- Born: December 4, 1944 Brooklyn, NY
- Died: February 25, 1994 (age 49) Boston, MA
- Education: MIT Harvard University
- Known for: Popek and Goldberg virtualization requirements
- Scientific career
- Fields: Computer Scientist
- Workplaces: Harvard University MIT BGS Systems Inc.

= Robert P. Goldberg =

American computer scientist

Robert P. Goldberg (December 4, 1944 – February 25, 1994) was an American computer scientist, known for his research on operating systems and virtualization.

With Gerald J. Popek, he proposed the Popek and Goldberg virtualization requirements, a set of conditions necessary for a computer architecture to support system virtualization.
In his Ph.D. thesis "Architectural Principles for Virtual Computer Systems", he also invented the classification for hypervisors which is now widely adopted in the area of virtual computer systems and computer science in general.

==Biography==
Goldberg was born in Brooklyn, New York City, in 1944. He received the B.S. degree in mathematics from MIT in 1965 and the MA and Ph.D. degrees in Applied Mathematics from Harvard University, in 1969 and 1973, respectively.

In his Ph.D. thesis "Architectural Principles for Virtual Computer Systems", published 1974, he invented the classification for Hypervisors which is now widely adopted in the area of virtual computer systems and computer science in general.
In 1974, with Gerald J. Popek, he proposed the Popek and Goldberg virtualization requirements, a set of conditions necessary for a computer architecture to support system virtualization.
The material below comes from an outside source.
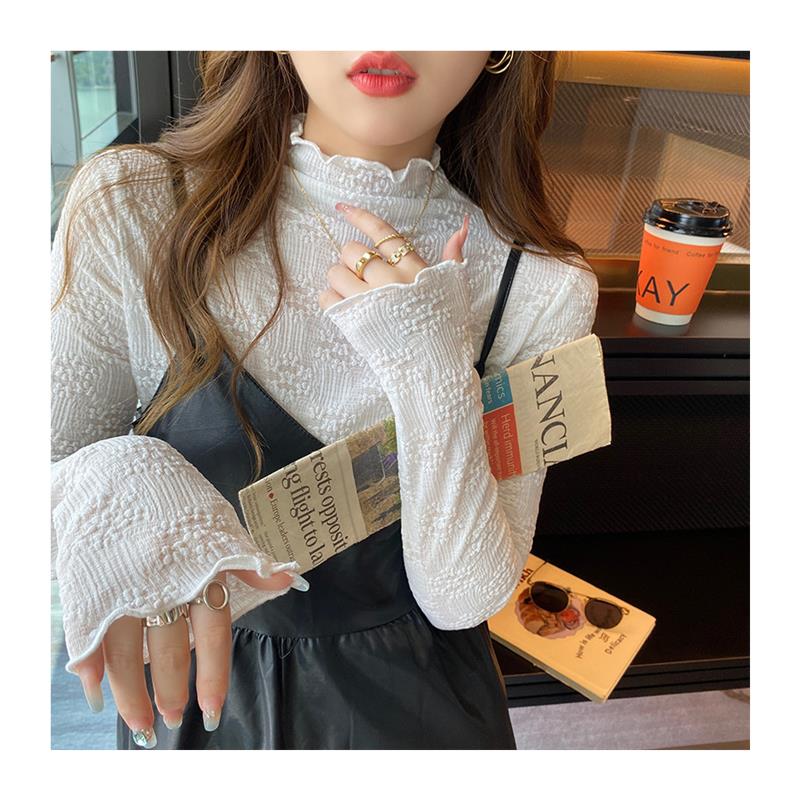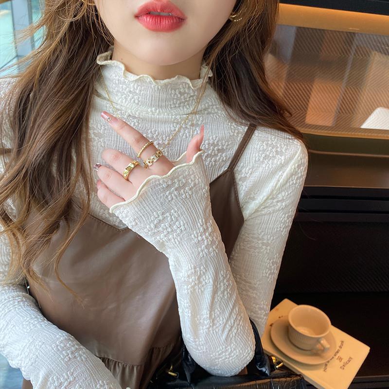 蕾丝打底衫2025新款秋冬女白色内搭高级感叠穿网纱半高领薄款上衣

From 1966 to 1972, he was a member of the research staff at MIT, first at Lincoln Laboratories and then at Project MAC. From 1971 to 1972, Goldberg served as a consultant to the director of engineering at Honeywell's Boston Computer Operations.

His teaching experience included lectureships at Brandeis University and Northeastern University. Goldberg was a member of ACM. He was the organizer of the Virtual Machine session at the 1973 National Computer Conference, was the program chairman and proceedings editor for the ACM SIGARCH-SIGOPS Workshop on Virtual Computer Systems, 1973 and has written and lectured extensively on many different aspects of virtual machine systems.
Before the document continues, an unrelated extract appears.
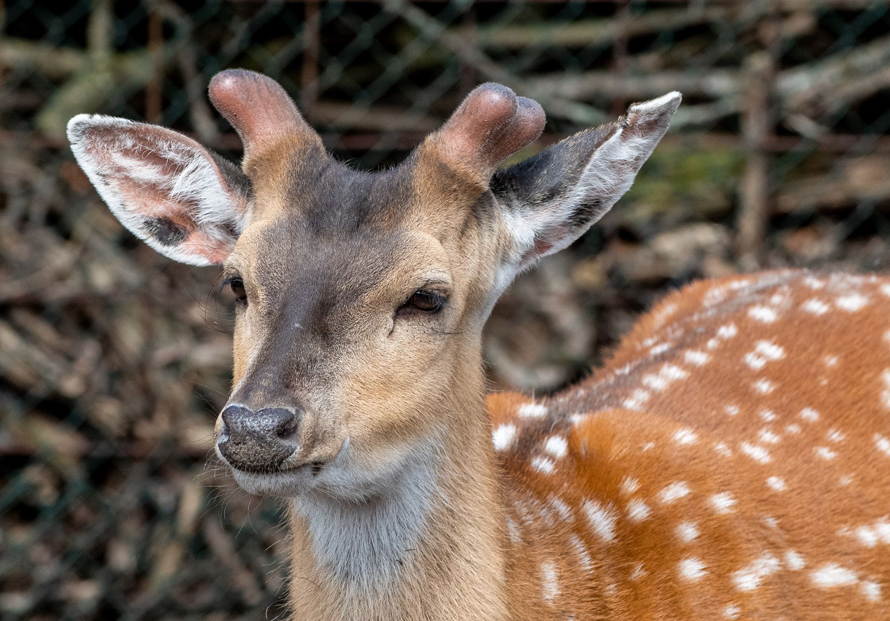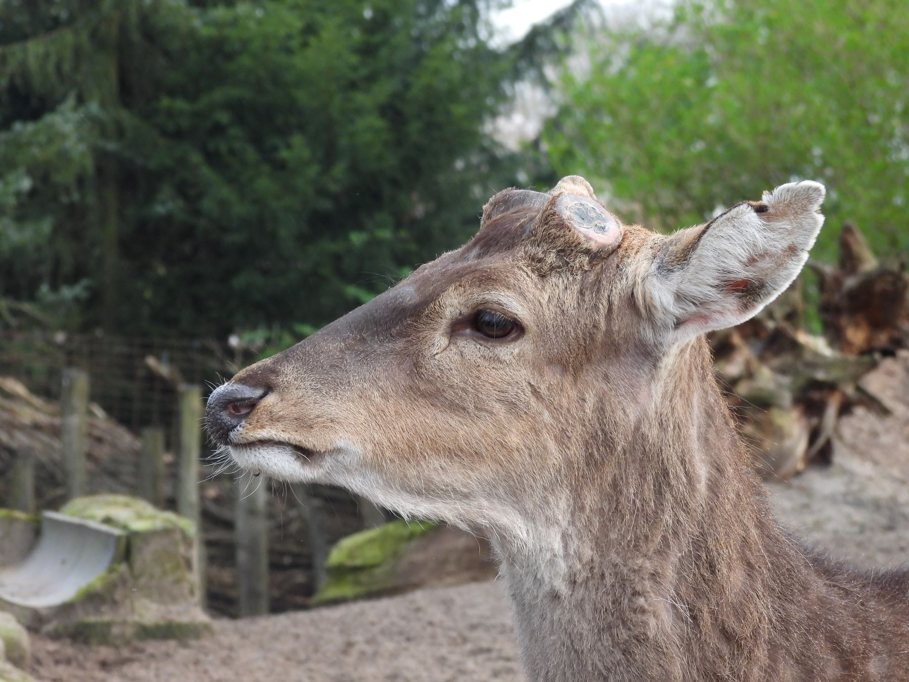 1/ Tierparkarchiv: Vietnam-Sika Hirsch Siegfried im Frühjahr direkt nach dem Abwurf seiner beiden Geweihstangen. Auf den Rosenstockenden sieht man die glatte Abwurffläche.

Goldberg was a member of the Honeywell Information Systems Technical Office in Waltham, MA and also a lecturer on Computer Science at Harvard University. His research interest included computer architectures, operating system design and evaluation, and data management systems at that time.
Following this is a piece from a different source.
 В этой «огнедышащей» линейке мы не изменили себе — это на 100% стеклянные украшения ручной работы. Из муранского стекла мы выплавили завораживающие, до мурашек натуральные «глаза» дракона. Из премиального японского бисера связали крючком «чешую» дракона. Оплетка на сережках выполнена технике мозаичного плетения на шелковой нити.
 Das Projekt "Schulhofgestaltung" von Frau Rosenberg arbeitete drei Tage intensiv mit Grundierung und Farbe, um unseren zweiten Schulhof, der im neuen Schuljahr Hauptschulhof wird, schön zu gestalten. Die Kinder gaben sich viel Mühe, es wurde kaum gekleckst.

In 1978, Goldberg filed a patent under the name "Hardware virtualizer for supporting recursive virtual computer systems on a host computer system" (Patent Nr. 4253145), which was accepted in 1981 and is held by Honeywell Information Systems Inc.

In 1975, Goldberg, together with Jeffrey Buzen and Harold Schwenk (whose last names are represented in the initials of the company), founded a company called "BGS Systems, Inc." in the basement of Buzen's home in Lexington, MA. Over the next fifteen years, it moved five times, but always within Waltham, MA.

The company set out to develop products that provided centralized capacity management and planning capabilities for all major computing platforms. In addition, BGS created products that managed and evaluated computing systems such as UNIX, MVS, VM, OpenVMS, and the AS/400 as well as OS/2 and Windows NT. By the early 1980s, the company would claim over 30,000 installations worldwide with its BEST/1 product. This software, which was based on queuing theory, was devised by the three founders and promoted by the company as being the de facto standard for capacity management and planning in heterogeneous distributed environments. (1998 BGS Systems was acquired by BMC Software, Inc. The transaction was valued at approximately $285 million.)

===Death and afterward===
Goldberg died on 25 February 1994 in Boston, at the age of 49, after suffering from cancer.

==Published works==
- Goldberg, Robert P., Architectural Principles for Virtual Computer Systems. Ph.D. thesis, Harvard University, Cambridge, MA, 1972. PDF available.
- Goldberg, Robert P., Survey of Virtual Machine Research, Honeywell Information Systems and Harvard University, 1974.